Two-time Academy Award winner Ron Howard teams once again with writer Peter Morgan on Rush, a spectacular big-screen re-creation of the merciless and legendary 1970s Formula 1 rivalry between gifted English playboy James Hunt (Chris Hemsworth) and his disciplined Austrian opponent, Niki Lauda (Daniel Brühl).
British screenwriter/playwright Peter Morgan believed that the Lauda-Hunt rivalry and their accompanying thrilling battles during the 1976 Formula 1 season was a story that transcended the sports pages.
Morgan has earned a reputation as a master of modern-history movie scripts. He captured the intrigue behind Uganda’s brutal dictator Idi Amin (The Last King of Scotland). “I grew up in England knowing all about James Hunt,” Morgan recalls, “but I never knew Niki’s side of the story.’” The screenwriter, who lives in Austria, approached Lauda with an idea to write a script that dramatized the tumultuous 1976 racing season. Lauda consented and provided Morgan with invaluable input during the draft stages.
Joining the production team on Rush was Howard’s longtime partner, Oscar®-winning producer Brian Grazer, who found himself as intrigued by Morgan’s script as he was by the writer’s last screenplay for Imagine. “Ron and I worked with Peter on Frost/Nixon,” Grazer relays, “and Peter has this ability to study somebody and at the same time get so microscopic that he can see the pores in their skin.”
Australian actor Chris Hemsworth has shot to stardom within the last few years. With the versatility he’s shown in movies Hemsworth was a natural for McLaren driver Hunt, whom Howard describes as “a rock star on wheels.”
Howard had not met the actor before casting the part. “Chris won the role with his fantastic audition,” he says. “I’d seen him in Thor and in Star Trek. I met him, I liked him, but I had no idea if he could be James Hunt.” Olivia Wilde, plays Suzy Miller Hunt, the famous model whom James marries, then neglects.
With the deft hand he brought to the ambitious Slumdog Millionaire, production designer Mark Digby knew he had an incredibly challenging shoot ahead of him with Rush. By integrating all racing and support vehicles into historically accurate environments, he had the Herculean challenge of reimagining racetracks from Europe to Japan. “We had to create 12 to 15 different races each year from 1974 through 1976,” says Digby. “In addition to the racecars, there were lorries and caravans, ambulances and other support vehicles. There was the paddock area at each of the tracks where the mechanics work and bunting and signage to indicate we’re in a different country at a different Grand Prix…since we didn’t travel all around the world to do our filming.”
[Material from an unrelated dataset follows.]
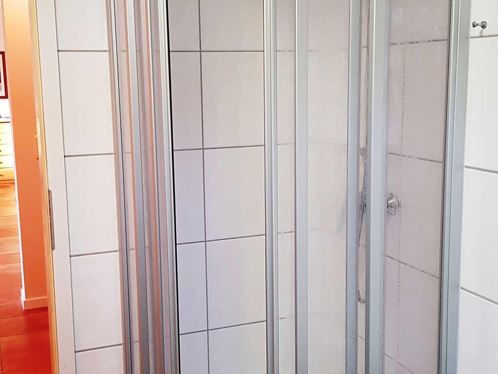 Das Schlafzimmer verfügt über ein Doppelbett (1,60m x 2,00m), ein Einzelbett (0,80m x 2,00m), Nachttischkonsolen und Kleiderschrank. Ein zweiter Kleiderschrank befindet sich im Flur. Das Tageslichtbad verfügt über Badewanne, Dusche, WC.

Adding to the authenticity was location filming at the British tracks Brands Hatch, Donington Park, Cadwell Park and Snetterton and at Germany’s notorious Nürburgring. Filming was also done at Blackbushe Airfield, a former drag racing venue in the U.K. The most emotional part of the production for the crew was filming at Nürburgring, the site of Lauda’s horrifying crash.